Keywords: Cell Differentiation, Crystal Structure, Epigenetics, Helix-loop-helix Transcription Factors, Protein-DNA Interaction, Protein Domains, Transcription Factors, Tumor Suppressor, Early B-cell Factor 1 (EBF1), Early B-cell Factor 3 (EBF3)


Transcription factors bind to specific DNA sequences and thereby control the transfer of genetic information from DNA to mRNA. The process of eukaryotic transcription is highly regulated and requires fine-tuned machineries where transcription factors play a pivotal role as DNA binders. In addition, co-activating, chromatin-remodeling, and signaling proteins also play crucial roles in gene regulation without necessarily binding DNA directly but rather through a network of interactions within the transcription module.

The human early B-cell factor (EBF)2 transcription factor family is composed of four members (EBF1–4) characterized by a helix-loop-helix (HLH) motif with resemblance to those found in basic HLH proteins (1, 2). However, rather than a basic HLH, EBF utilizes a unique domain including a zinc coordination motif (3) to bind DNA as dimers to two pseudo-palindromic half-sites separated by two base pairs (4). Although EBF proteins were first identified in B-lymphocytes (1) and olfactory neurons (2), they have now been shown to be involved in the development and function of a large number of specialized cells including adipocytes (5) and osteoclasts (6).

The structured part of the EBF proteins is composed of a conserved N-terminal DNA binding domain (DBD), an IPT/TIG (immunoglobulin, plexins, transcription factors-like/transcription factor immunoglobulin) domain, and an atypical helix-loop-helix motif, more appropriately termed a helix-loop-helix-loop-helix motif (HLHLH) (Fig. 1A) (7). All four members of the EBF family show very high sequence similarity within the structured part, in particular EBF1 and EBF3 with 95% sequence identity over this region (8). An additional, probably unstructured, transactivation region, with lower conservation, is present in the C terminus. We set out to solve structures from all family members, and because of the high degree of sequence identity between the different EBF proteins, the structure of any member of the family members should be representative for the whole family.

Structural representation of EBF1 DBD. A, schematic illustration of EBF domain composition. DBD depicted in blue. B, schematic representation of the DNA binding domain. The N terminus is colored blue and blends through to the C terminus in orange. The ...
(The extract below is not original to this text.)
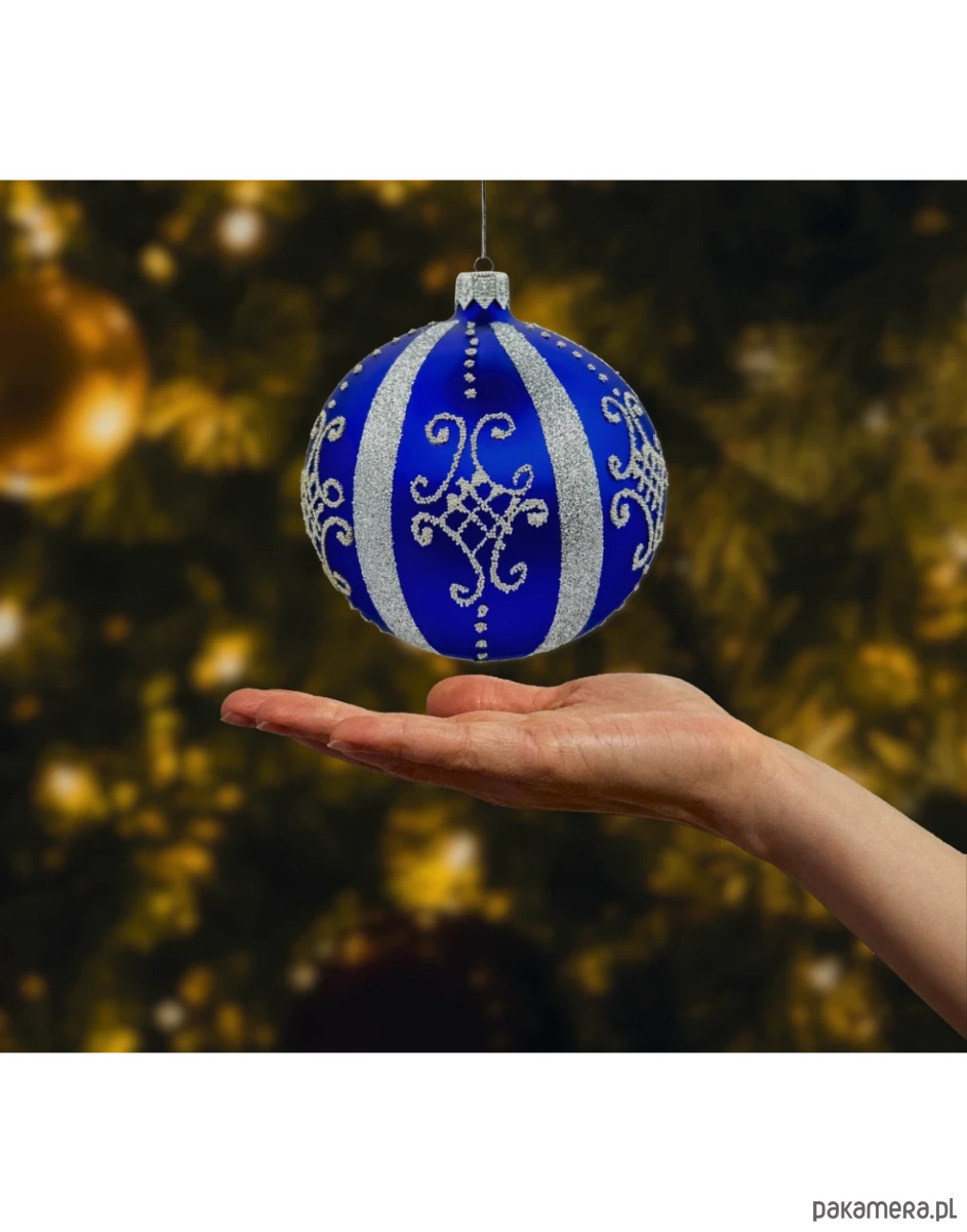 Szklana bombka choinkowa w kolorze niebieskim z eleganckimi srebrnymi zdobieniami to doskonały dodatek do każdej choinki, który wprowadzi do wnętrza odrobinę luksusu i świątecznego blasku. Starannie wykonane detale, intensywny kolor i wysoka jakość sprawiają, że jest to idealny wybór na prezent lub jako wyjątkowa dekoracja, która uczyni święta jeszcze bardziej magicznymi.

Here we report the first crystal structures for the EBF family. This is particularly valuable as the EBF family shares very little sequence similarity with other known transcription factors. Because most transcription factors have a well defined modular domain organization with discrete structure and function, we used a multiconstruct approach (9) to produce the different domains of EBF proteins for structural determination by x-ray crystallography. Our structures of the EBF DBD, IPT/TIG, and HLHLH modules represent together a complete coverage of the structured region of these proteins. Surprisingly, the DBD structure reveals striking resemblance to the N-terminal domain of the Rel homology superfamily of transcription factors. The structures of both the IPT/TIG and the HLHLH modules suggest context-dependent functions in dimerization and/or protein-protein interaction.
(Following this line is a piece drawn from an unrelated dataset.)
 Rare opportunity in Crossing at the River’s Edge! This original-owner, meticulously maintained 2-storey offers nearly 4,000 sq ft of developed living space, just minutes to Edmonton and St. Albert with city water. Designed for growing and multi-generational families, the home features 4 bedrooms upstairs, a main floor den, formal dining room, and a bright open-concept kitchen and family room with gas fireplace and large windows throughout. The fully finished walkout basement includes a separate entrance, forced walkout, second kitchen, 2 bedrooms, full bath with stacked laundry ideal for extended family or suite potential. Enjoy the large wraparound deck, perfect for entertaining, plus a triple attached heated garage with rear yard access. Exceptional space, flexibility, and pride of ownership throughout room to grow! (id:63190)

Detailed experimental procedures can be found in the supplemental material and are available at the Structural Genomics Consortium (SGC) Structures Gallery.

Cloning, Protein Production, and Purification

The DNA sequences corresponding to residues Arg-10–Ser-250 (DBD) and Glu-258–Thr-351 (IPT/TIG) in human EBF1 (gi: 31415878), and Glu-251–His-386 (TIG-HLH) and Ser-250–Val-406 (TIG-HLHLH) in human EBF3 (gi: 53828926) were subcloned into a plasmid also coding for a N-terminal histidine tag and expressed in Escherichia coli cells. Bacterial cells were cultured in Terrific Broth medium. The DNA binding domain was also produced as selenomethionine-labeled using a minimal medium. Purification was performed in two steps using immobilized metal ion affinity chromatography followed by size exclusion chromatography. The N-terminal His tags were proteolytically removed with tobacco etch virus protease. Protein identities were confirmed by mass spectrometry, and samples were stored at −80 °C.

The DBD was complexed with the DNA duplex using primers 5′-GAGAGAGAGACTCAAGGGAATTGTGGCC-3′ and 5′-GGCCACAATTCCCTTGAGTCTCTCTCTC-3′ and subjected to size exclusion chromatography. The peak at a retention volume corresponding to a 2:1 complex was collected and concentrated.

Crystallization, Data Collection, Structure Determination, and Validation

Crystals of the DBD, IPT/TIG, and TIG-HLH were obtained by the sitting drop vapor diffusion method at 4 °C. The crystallization conditions were: DBD, 0.1 m MES, pH 5.8, 2.1 m ammonium sulfate; IPT/TIG, 0.1 m Tris, pH 9, 0.3 m trimethylamine n-oxide, and 23% PEG monomethyl ether 2000; TIG-HLH, 0.1 m Bis-Tris propane, pH 7.5, 0.2 m sodium formate, and 21% PEG 3350. Crystals of TIG-HLHLH were obtained by hanging drop vapor diffusion in 0.1 m Bis-Tris propane, pH 6.9, and 2.9 m NaCl. IPT/TIG crystals were soaked 48 h in ethylmercurithiosalicylate before freezing. All crystals were flash-frozen in liquid nitrogen after quick transfer to well solution containing: DBD, 20% glycerol; IPT/TIG, 1 mm ethylmercurithiosalicylate and 20% glycerol; and TIG-HLH and TIG-HLHLH, 20% ethylene glycol.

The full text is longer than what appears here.